[Date Prev][Date Next][Thread Prev][Thread Next][Date Index][Thread Index]
[PULL 04/47] target/arm: Implement VFP fp16 VMLA, VMLS, VNMLS, VNMLA, VN
From: |
Peter Maydell |
Subject: |
[PULL 04/47] target/arm: Implement VFP fp16 VMLA, VMLS, VNMLS, VNMLA, VNMUL |
Date: |
Tue, 1 Sep 2020 16:17:40 +0100 |
Implement fp16 versions of the VFP VMLA, VMLS, VNMLS, VNMLA, VNMUL
instructions. (These are all the remaining ones which we implement
via do_vfp_3op_[hsd]p().)
Signed-off-by: Peter Maydell <peter.maydell@linaro.org>
Reviewed-by: Richard Henderson <richard.henderson@linaro.org>
Message-id: 20200828183354.27913-5-peter.maydell@linaro.org
---
target/arm/helper.h | 1 +
target/arm/vfp.decode | 5 ++
target/arm/vfp_helper.c | 5 ++
target/arm/translate-vfp.c.inc | 84 ++++++++++++++++++++++++++++++++++
4 files changed, 95 insertions(+)
diff --git a/target/arm/helper.h b/target/arm/helper.h
index 61e4e938861..58f9c4e933e 100644
--- a/target/arm/helper.h
+++ b/target/arm/helper.h
@@ -125,6 +125,7 @@ DEF_HELPER_3(vfp_maxnumd, f64, f64, f64, ptr)
DEF_HELPER_3(vfp_minnumh, f16, f16, f16, ptr)
DEF_HELPER_3(vfp_minnums, f32, f32, f32, ptr)
DEF_HELPER_3(vfp_minnumd, f64, f64, f64, ptr)

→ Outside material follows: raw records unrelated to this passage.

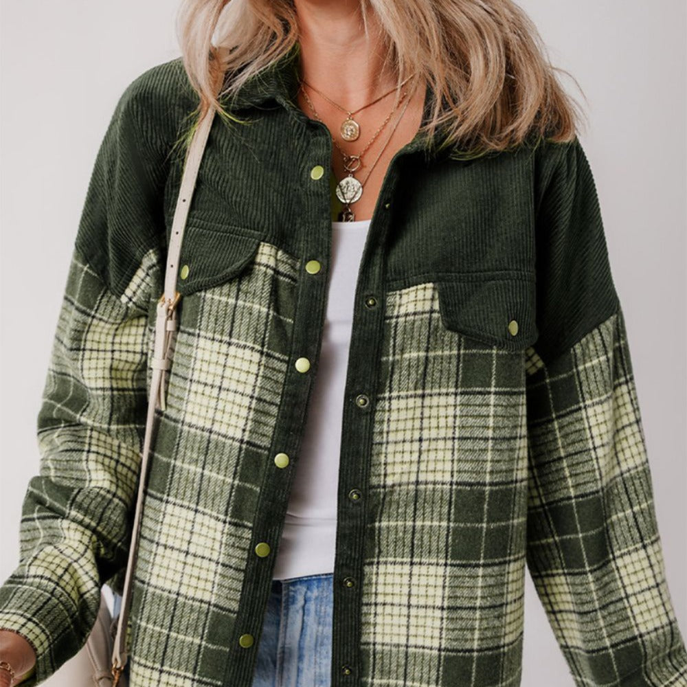 Verleihen Sie Ihrer Garderobe einen Hauch von lässigem Stil mit dieser grünen karierten Damenbluse mit Knopfleiste und Langarm. Mit lockerer Passform und vielseitigen Details ist sie ein Basic, das Komfort mit müheloser Mode verbindet.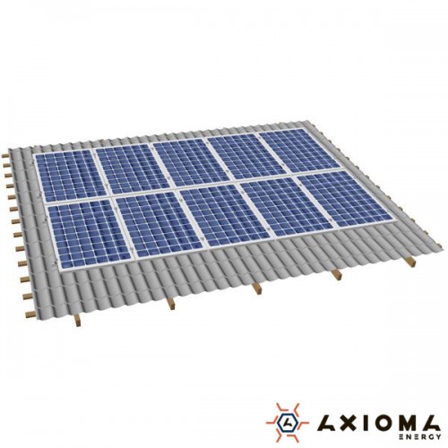 Система креплений на 10 панелей параллельно крыше, алюминий 6005 Т6 и оцинкованная сталь, AXIOMA energy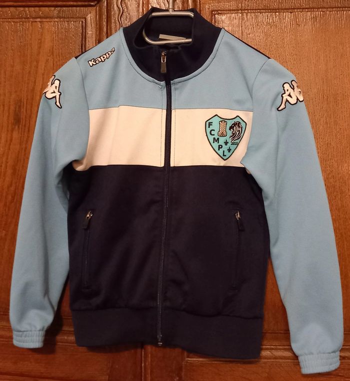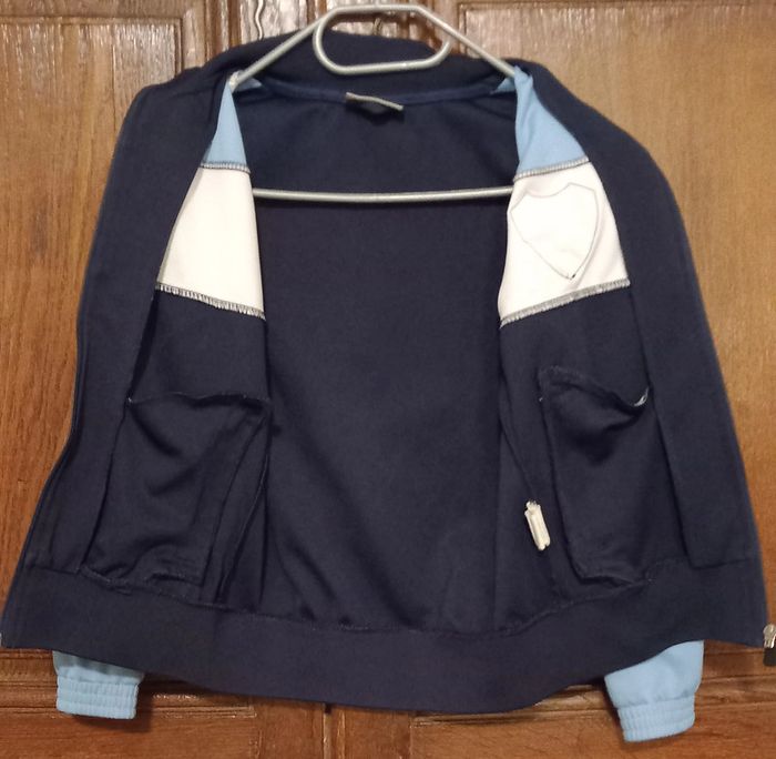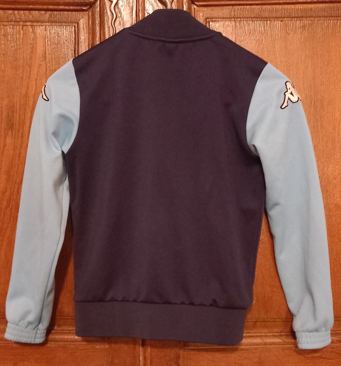 Très jolie veste de survêtement Marque : Kappa Coloris : Marine, Turquoise, Blanc Deux poches zippées à l'avant Taille : 10 ans Composition : 100% Polyester Etat impeccable #carlisle66garçon10ans
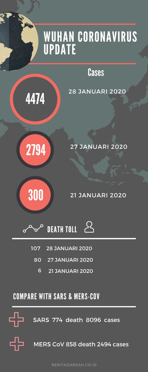 (Beritadaerah – Nasional) Wuhan Coronavirus yang kini bisa termonitor pergerakannya ke seluruh dunia melalui situs JHU CSSE menampakkan keganasannya dari hari ke hari. Menurut JHU CSSE pada hari ini Selasa, 28 Januari 2020 pukul 15.00 telah terjangkit sebanyak 4474 orang dengan 107 meninggal dunia dan 63 orang berhasil mengalami pemulihan. Coronavirus ini telah menjangkiti 18 negara di dunia dengan perincian sebagai berikut: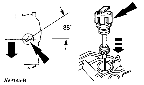 Install the camshaft synchronizer housing assembly so the arrow on the special tool is 38 degrees from the centerline of the engine.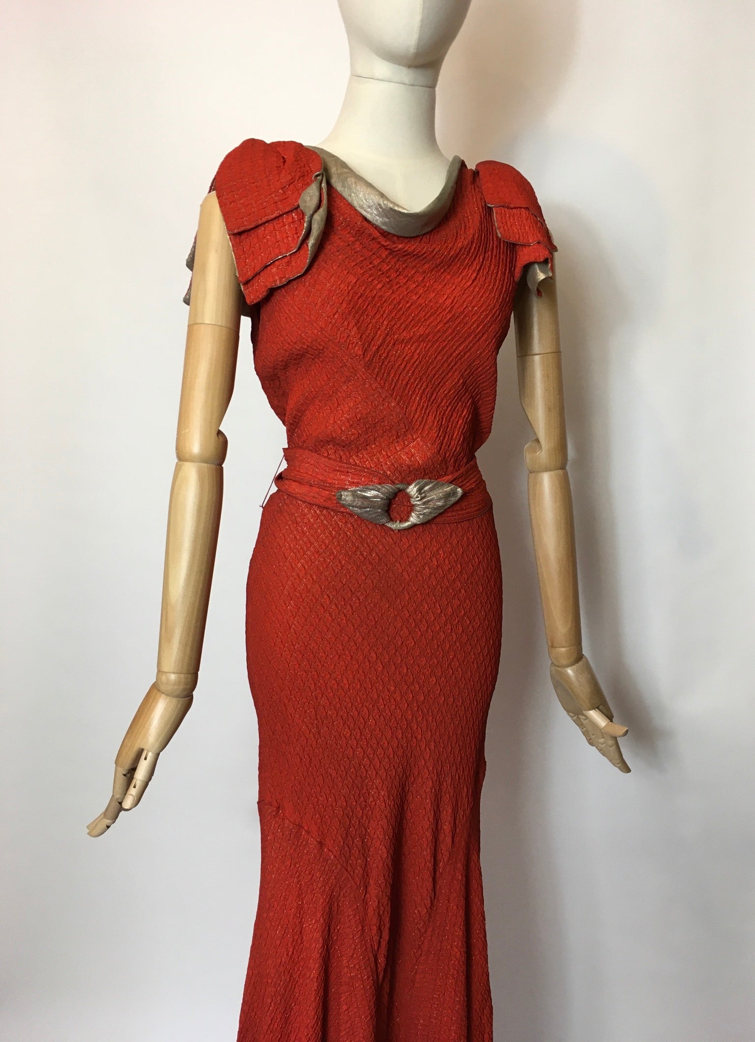 Original 1930’s Stunning Rust and Lame Bias Cut Gown - Festival of Vintage Fashion Show Exclusive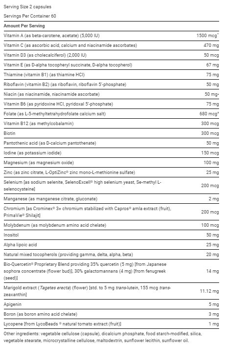 Two-Per-Day 멀티비타민은 필수 비타민, 미네랄 및 기타 영양소를 완벽하게 제공하며, 권장 영양소 섭취 기준(RDA)을 충족하거나 초과하는 수준으로 함유하고 있습니다.
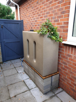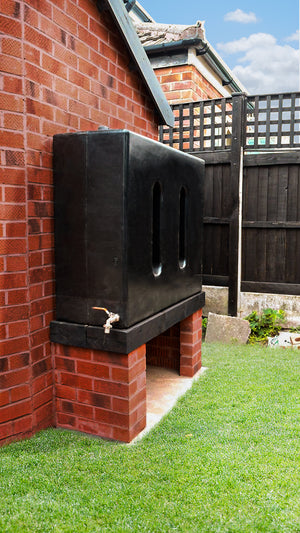 This tank must be raised on a plinth, typically a few bricks and paving slabs to use the full capacity of the water tank. Alternatively, consider a heavy duty water butt stand here.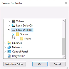 6. The “Folder” entry will open a normal Windows folder selection dialog box. Choose the folder to use for replication or create a new one.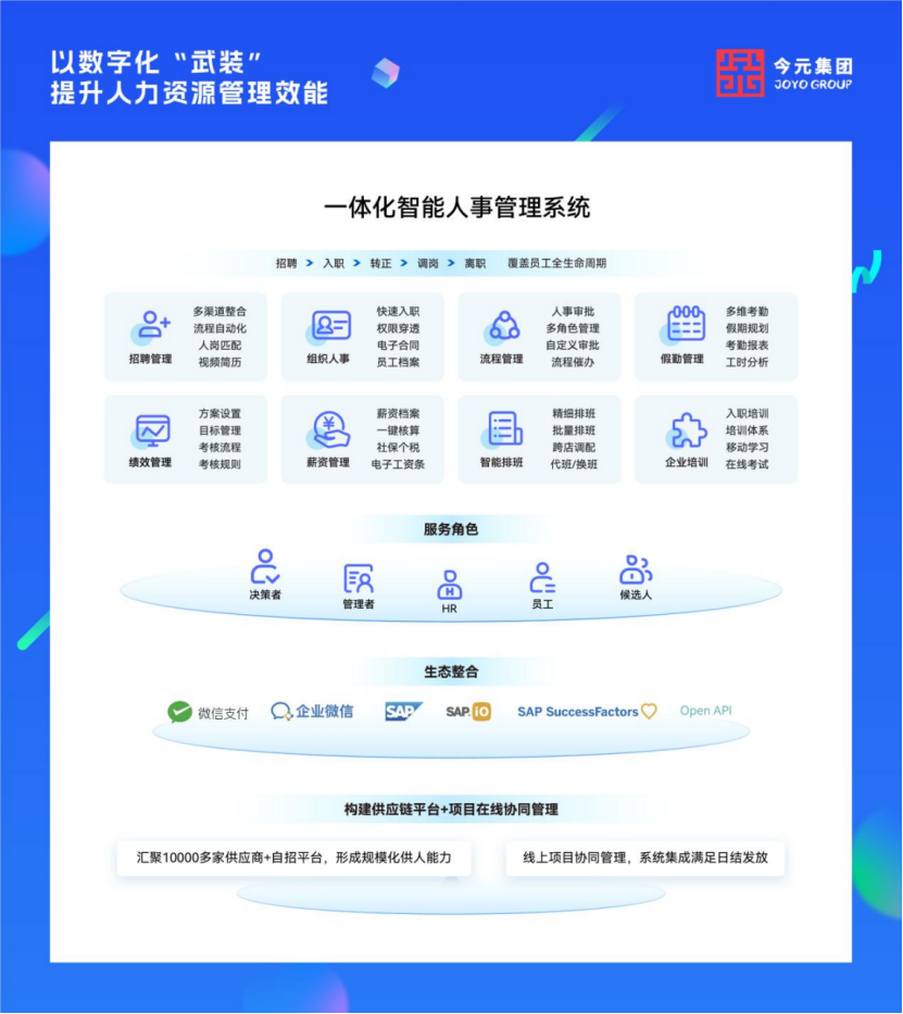 今元集团数字化产品紧密贴合企业实际应用场景,全面覆盖人才招聘、入转调离、在职管理、薪酬绩效、离职流转、跨境用工全生命周期环节,打造一站式全流程数字化人力解决方案。通过深度融合AI与人力资源业务场景,助力企业优化人力成本结构、提升内部管理效率、强化核心经营竞争力,以数智化力量护航企业长期稳健可持续发展。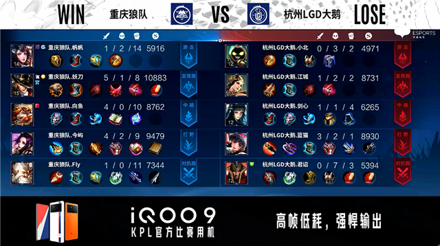 重庆狼队选用:梦奇、橘右京、周瑜、狄仁杰、张飞
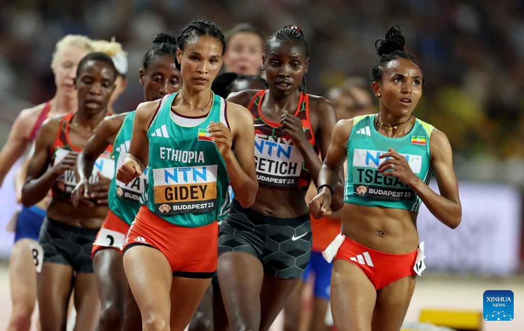 Gudaf Tsegay (R) of Ethiopia competes during the women's 10000m Final of the World Athletics Championships Budapest 2023 in Budapest, Hungary on Aug. 19, 2023. (Xinhua/Li Ying)

+DEF_HELPER_1(vfp_negh, f16, f16)
DEF_HELPER_1(vfp_negs, f32, f32)
DEF_HELPER_1(vfp_negd, f64, f64)
DEF_HELPER_1(vfp_abss, f32, f32)
diff --git a/target/arm/vfp.decode b/target/arm/vfp.decode
index 1ecd5e28ca0..e5545076a51 100644
--- a/target/arm/vfp.decode
+++ b/target/arm/vfp.decode
@@ -103,15 +103,19 @@ VLDM_VSTM_dp ---- 1101 0.1 l:1 rn:4 .... 1011 imm:8 \
vd=%vd_dp p=1 u=0 w=1
# 3-register VFP data-processing; bits [23,21:20,6] identify the operation.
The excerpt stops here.